BEGIN Provided records

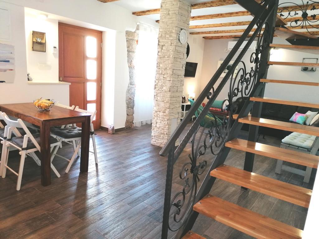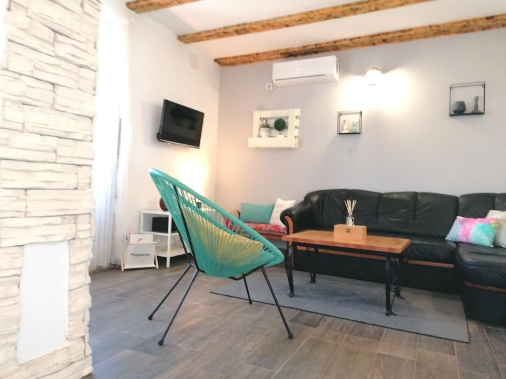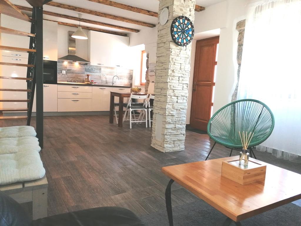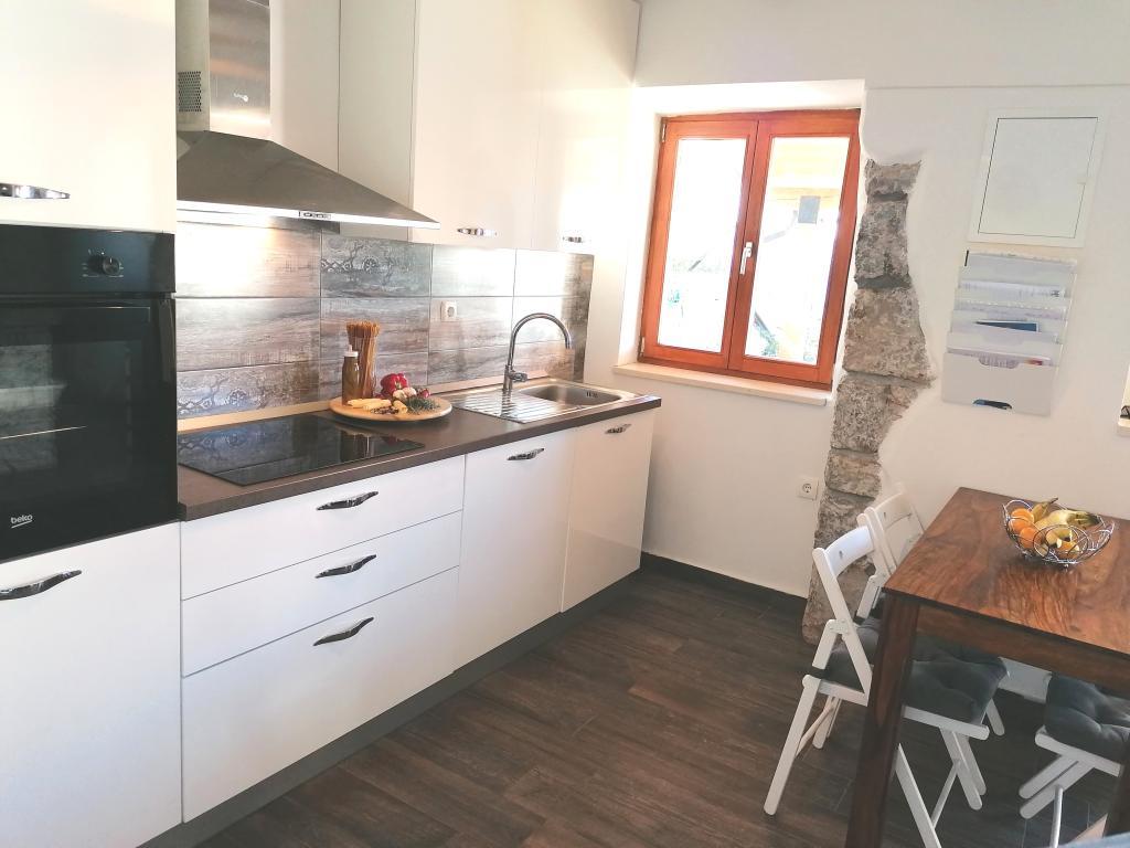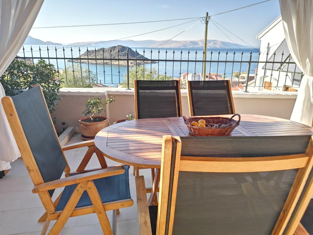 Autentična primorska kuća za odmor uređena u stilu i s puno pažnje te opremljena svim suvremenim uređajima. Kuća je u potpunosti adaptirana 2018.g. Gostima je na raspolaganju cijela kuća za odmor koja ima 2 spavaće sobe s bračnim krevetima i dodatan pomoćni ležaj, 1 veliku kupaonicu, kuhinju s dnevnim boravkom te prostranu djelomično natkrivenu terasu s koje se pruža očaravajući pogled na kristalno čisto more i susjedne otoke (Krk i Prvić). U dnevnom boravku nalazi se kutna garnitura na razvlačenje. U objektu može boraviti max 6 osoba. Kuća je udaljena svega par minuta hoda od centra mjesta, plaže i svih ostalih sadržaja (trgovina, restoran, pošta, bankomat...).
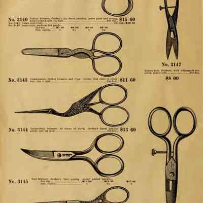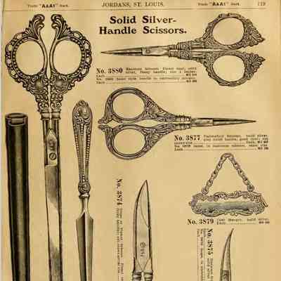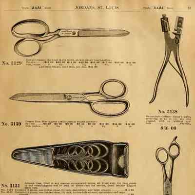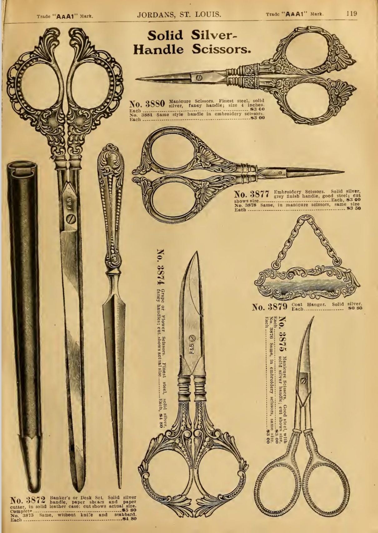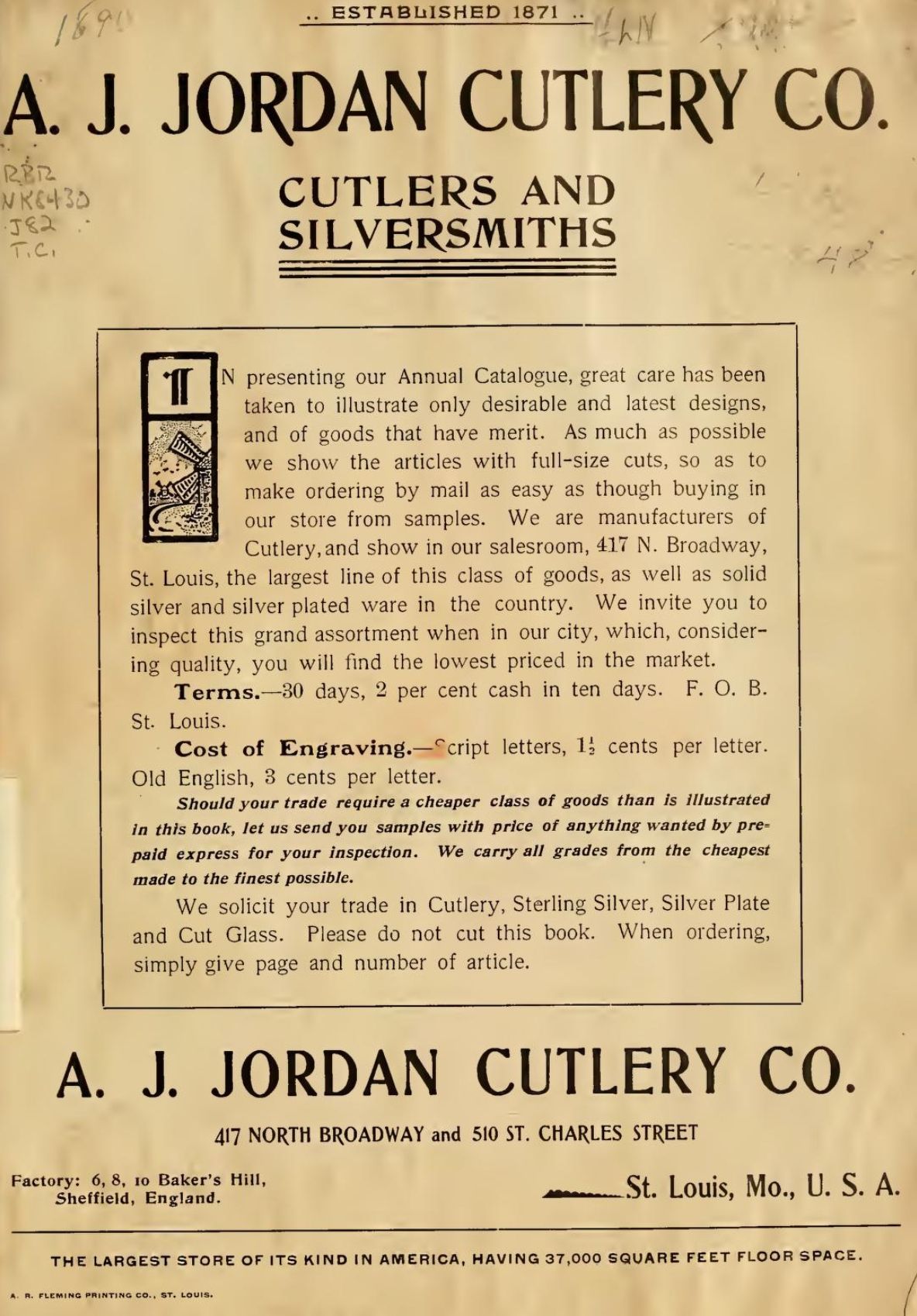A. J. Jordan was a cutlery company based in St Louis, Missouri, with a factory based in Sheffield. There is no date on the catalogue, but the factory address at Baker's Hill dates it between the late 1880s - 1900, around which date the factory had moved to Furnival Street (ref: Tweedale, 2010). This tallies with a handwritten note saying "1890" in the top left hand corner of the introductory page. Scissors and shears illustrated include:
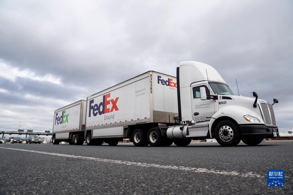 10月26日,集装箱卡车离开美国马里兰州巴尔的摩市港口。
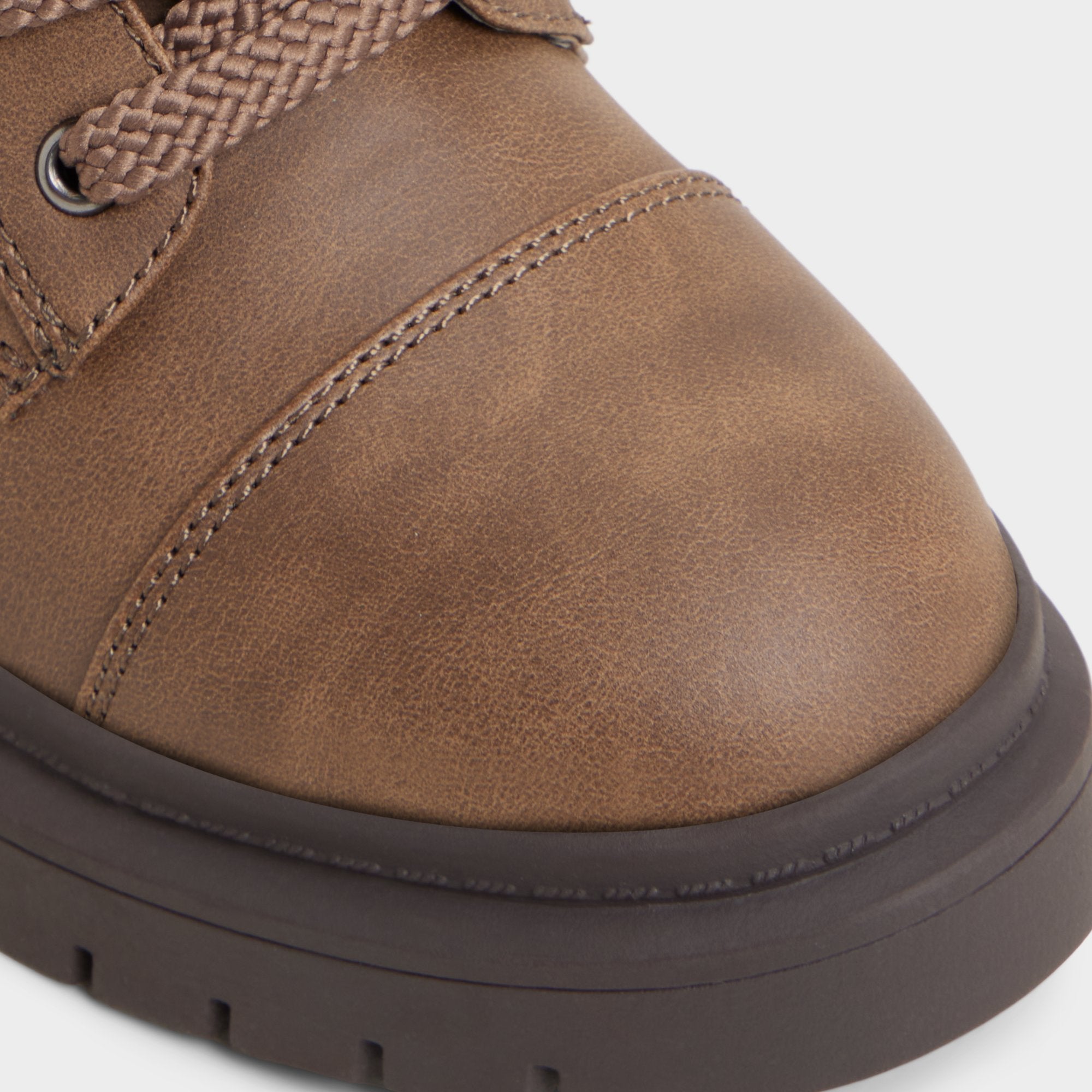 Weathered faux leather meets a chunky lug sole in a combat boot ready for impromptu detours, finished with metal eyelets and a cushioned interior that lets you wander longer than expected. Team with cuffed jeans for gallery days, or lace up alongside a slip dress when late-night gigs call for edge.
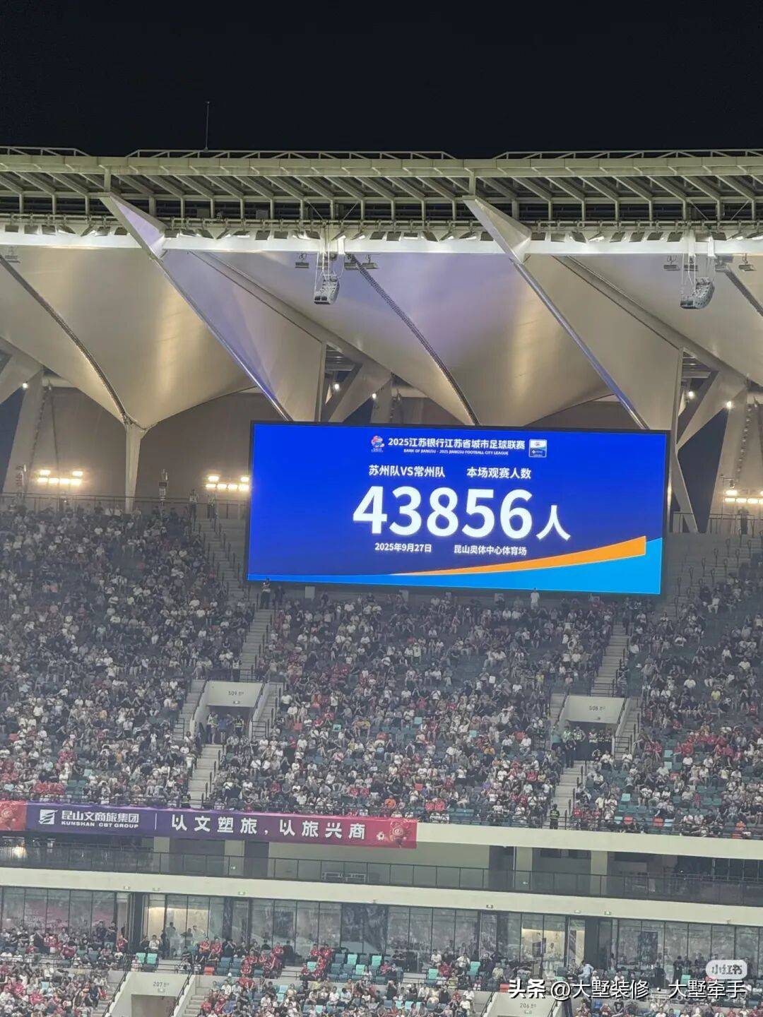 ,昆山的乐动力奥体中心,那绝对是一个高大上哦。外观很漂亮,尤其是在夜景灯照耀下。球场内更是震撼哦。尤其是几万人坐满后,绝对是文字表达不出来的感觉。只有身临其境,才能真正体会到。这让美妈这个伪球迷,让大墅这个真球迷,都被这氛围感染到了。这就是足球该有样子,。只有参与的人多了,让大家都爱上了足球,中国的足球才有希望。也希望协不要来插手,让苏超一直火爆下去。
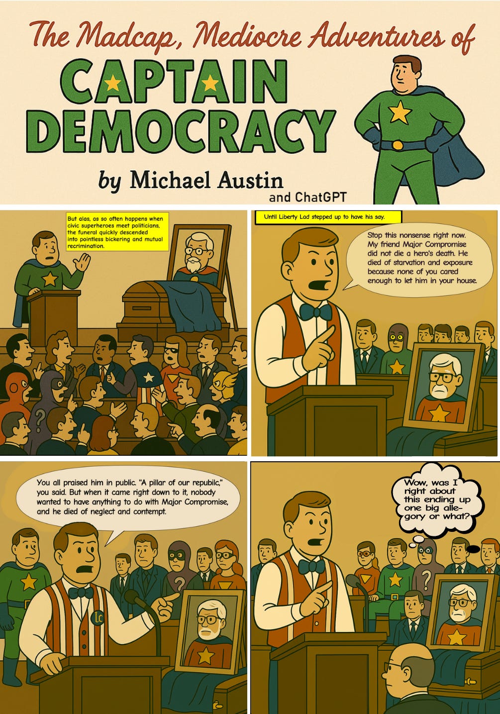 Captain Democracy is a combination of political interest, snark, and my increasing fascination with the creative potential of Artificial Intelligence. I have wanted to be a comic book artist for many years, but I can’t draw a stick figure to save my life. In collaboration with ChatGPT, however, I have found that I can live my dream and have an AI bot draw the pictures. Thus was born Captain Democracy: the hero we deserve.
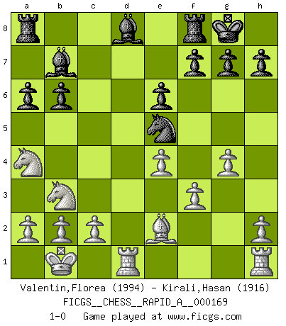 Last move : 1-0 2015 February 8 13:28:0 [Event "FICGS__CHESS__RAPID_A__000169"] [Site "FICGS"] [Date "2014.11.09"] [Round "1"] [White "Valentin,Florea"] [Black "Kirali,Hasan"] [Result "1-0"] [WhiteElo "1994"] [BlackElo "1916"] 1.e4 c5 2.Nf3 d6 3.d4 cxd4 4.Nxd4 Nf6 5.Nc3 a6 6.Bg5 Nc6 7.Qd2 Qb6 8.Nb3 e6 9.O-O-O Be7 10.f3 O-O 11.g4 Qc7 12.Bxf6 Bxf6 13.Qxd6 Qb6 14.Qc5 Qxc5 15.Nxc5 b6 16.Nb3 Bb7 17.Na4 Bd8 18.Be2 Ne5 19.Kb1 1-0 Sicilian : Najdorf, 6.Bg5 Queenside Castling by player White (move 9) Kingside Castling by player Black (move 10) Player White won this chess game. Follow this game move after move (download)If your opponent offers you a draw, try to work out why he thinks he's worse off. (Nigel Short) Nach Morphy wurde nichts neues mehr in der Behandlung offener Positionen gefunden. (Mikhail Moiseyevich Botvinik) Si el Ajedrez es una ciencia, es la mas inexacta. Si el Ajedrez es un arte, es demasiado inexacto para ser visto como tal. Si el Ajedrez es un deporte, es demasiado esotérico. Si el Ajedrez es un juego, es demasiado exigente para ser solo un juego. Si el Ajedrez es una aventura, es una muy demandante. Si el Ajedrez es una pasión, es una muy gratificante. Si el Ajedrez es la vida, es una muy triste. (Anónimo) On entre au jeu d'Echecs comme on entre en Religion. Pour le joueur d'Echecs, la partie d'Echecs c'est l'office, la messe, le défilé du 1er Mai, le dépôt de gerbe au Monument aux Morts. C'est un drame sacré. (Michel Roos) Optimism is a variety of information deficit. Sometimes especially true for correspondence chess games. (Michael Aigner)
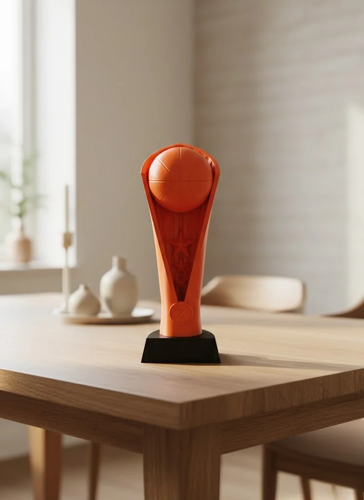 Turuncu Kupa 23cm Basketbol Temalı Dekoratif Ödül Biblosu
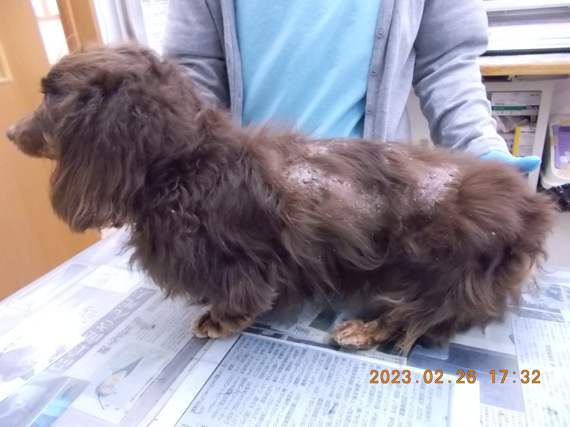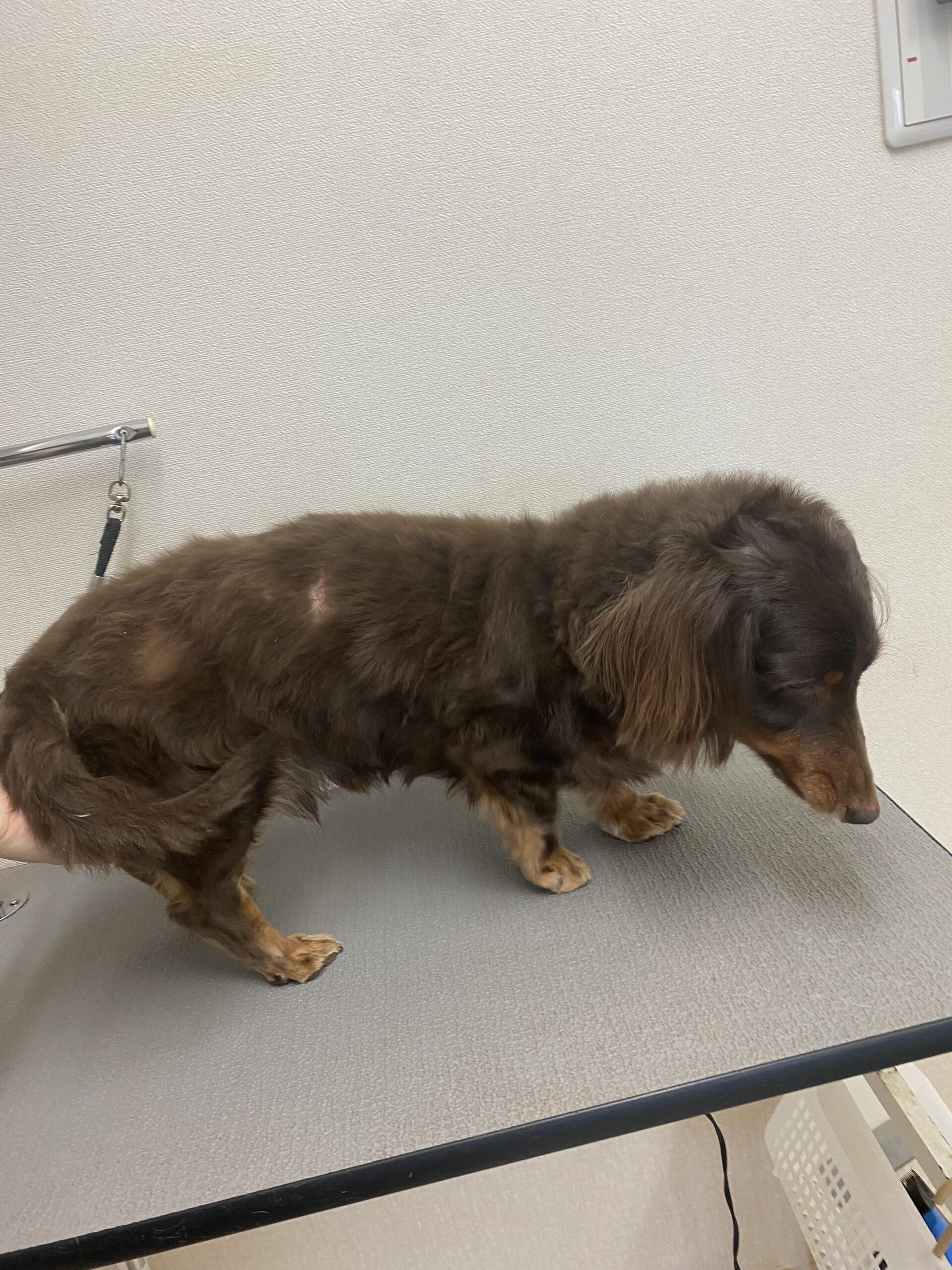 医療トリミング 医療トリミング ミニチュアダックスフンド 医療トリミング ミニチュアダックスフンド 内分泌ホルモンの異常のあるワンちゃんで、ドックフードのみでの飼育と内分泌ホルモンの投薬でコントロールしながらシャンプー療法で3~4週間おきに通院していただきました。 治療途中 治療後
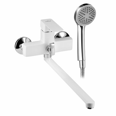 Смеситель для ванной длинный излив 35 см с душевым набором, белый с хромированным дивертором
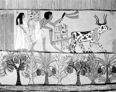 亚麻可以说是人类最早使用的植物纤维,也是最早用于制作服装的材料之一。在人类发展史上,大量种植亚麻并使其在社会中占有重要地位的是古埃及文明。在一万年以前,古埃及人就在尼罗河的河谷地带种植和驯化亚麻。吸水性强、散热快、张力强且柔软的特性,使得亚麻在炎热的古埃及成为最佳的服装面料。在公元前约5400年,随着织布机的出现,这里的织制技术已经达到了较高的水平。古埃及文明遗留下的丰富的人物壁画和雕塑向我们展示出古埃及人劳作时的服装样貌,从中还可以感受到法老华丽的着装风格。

END Provided records

Activity
Only the lines from the one containing "Turuncu Kupa 23cm" through the last line of the records above should be repeated, exactly and without pictures.

Solution for this exercise
 Turuncu Kupa 23cm Basketbol Temalı Dekoratif Ödül Biblosu
 医療トリミング 医療トリミング ミニチュアダックスフンド 医療トリミング ミニチュアダックスフンド 内分泌ホルモンの異常のあるワンちゃんで、ドックフードのみでの飼育と内分泌ホルモンの投薬でコントロールしながらシャンプー療法で3~4週間おきに通院していただきました。 治療途中 治療後
 Смеситель для ванной длинный излив 35 см с душевым набором, белый с хромированным дивертором
 亚麻可以说是人类最早使用的植物纤维,也是最早用于制作服装的材料之一。在人类发展史上,大量种植亚麻并使其在社会中占有重要地位的是古埃及文明。在一万年以前,古埃及人就在尼罗河的河谷地带种植和驯化亚麻。吸水性强、散热快、张力强且柔软的特性,使得亚麻在炎热的古埃及成为最佳的服装面料。在公元前约5400年,随着织布机的出现,这里的织制技术已经达到了较高的水平。古埃及文明遗留下的丰富的人物壁画和雕塑向我们展示出古埃及人劳作时的服装样貌,从中还可以感受到法老华丽的着装风格。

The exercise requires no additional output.